My best friends had gotten fat. I only know because they told me. “Oh my God, I’ve gotten so fat. Am I the fattest person you know now?” one asked. (Truth be told, she looked the same to me). We had this conversation over my welcome-home dinner at which we ate approximately 48,000 calories divided four ways. That same week, I couldn’t help but notice a relative’s newly-minted dad gut as he carted his 6-month old son around. A few casual acquaintances had put on weight too.

I found it sweet — inventing plausible reasons for their gain in my head. There was the “tough custody battle” belly, protruding over pants. The “serene and in a new relationship” spare tire. Also, the “recovering from my manic episode” curves and finally, the “moved back in with my parents” pudge. Judge not lest ye be judged, and please pass the crab dip while you’re at it.

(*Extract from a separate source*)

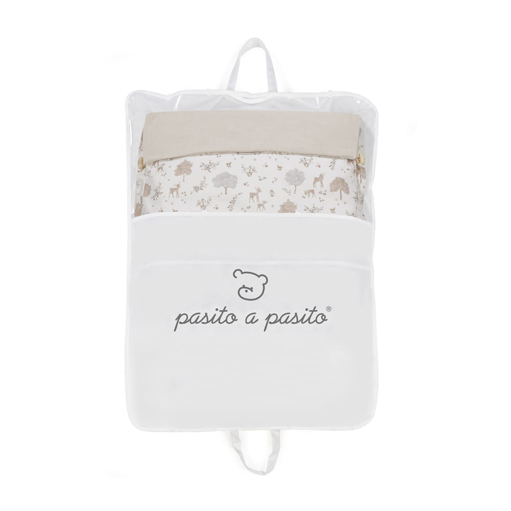 El saco cuco Nara de Pasito a Pasito es un saco de dormir para bebé elaborado en tejido de algodón y bambula muy suave en el interior. Es un accesorio básico 3 en 1 que sirve para utilizarlo en casa para cubrir el portabebé Grupo 0 y también le va muy bien como cubre capazo. Trasera con material anti-sudoración que evita la sudoración excesiva del bebe y protege la silla haciendo el paseo más confortable. Relleno de fibra hueca extraíble. Es totalmente universal porque dispone de varias aperturas (ojales) y ajustes necesarios para adaptarla a la mayoría de los cucos, portabebés y sillas de paseo en su interior. Un complemento muy útil y versátil en las cosas de tu bebé. Una vez desenfundada la base se convierte en colchoneta ligera para la silla de paseo. Prepara con mucho amor el nido rosa de tu niña/niño y decora sus sueños con un toque diferente en donde quiera que lo recuestes. Una manta acolchada y esponjosa que permite disfrutar de un descanso más agradable con la forma acogedora que tiene de nido. Es un diseño bonito, simple y cómodo que crea un nido para tu bebé manteniéndolo arropado y protegido en días de brisa. El saco se adapta sin problemas a cualquier coche para darle la comodidad que necesita. Acabados de calidad. Todas nuestras fundas están fabricadas conforme a las más exigentes normativas europeas, con materiales de gran calidad, libres de colorantes azoicos, ftalatos y sustancias nocivas para la salud. Tela de fácil limpieza, se recomienda lavar a máquina a 30º. Los productos para bebé de Pasito a Pasito cuentan con un diseño muy diferente a todas las demás. Sus colecciones se caracterizan por el trabajo al detallada, pensadas siempre desde un punto de vista práctico. Utilizan materiales de primera calidad para remarcar la elegancia y la armonía en cada una de sus piezas. Nuestros modelos son exclusivos y de estilo inconfundible, pensados en las madres actuales que gozan de buen gusto y que aprecian los detalles tanto como nosotros. Especificaciones: Materiales: 100% algodón. Universal.

There were, in fact, a few exceptions to the “everyone’s gotten fat” rule. A friend who was unusually tiny told me it was because she was miserable and had lost her appetite. (Funny, that never happens to me.) One male friend who’d lost weight told me, simply, his friends had been giving him grief for “dressing like a skinny guy when I wasn’t thin.” In response, my friend began some sort of exercise regime and caveman diet that involved putting butter in his coffee.

This further cemented my belief that the only thing men have to do to lose weight is think about losing weight, and then (poof!) it just magically happens. The reverse is true for women; the more we think about losing weight, the harder we dig our heels into whatever size we are.

So, seeing as how we all got fat this past year – can we all just agree to give ourselves a break?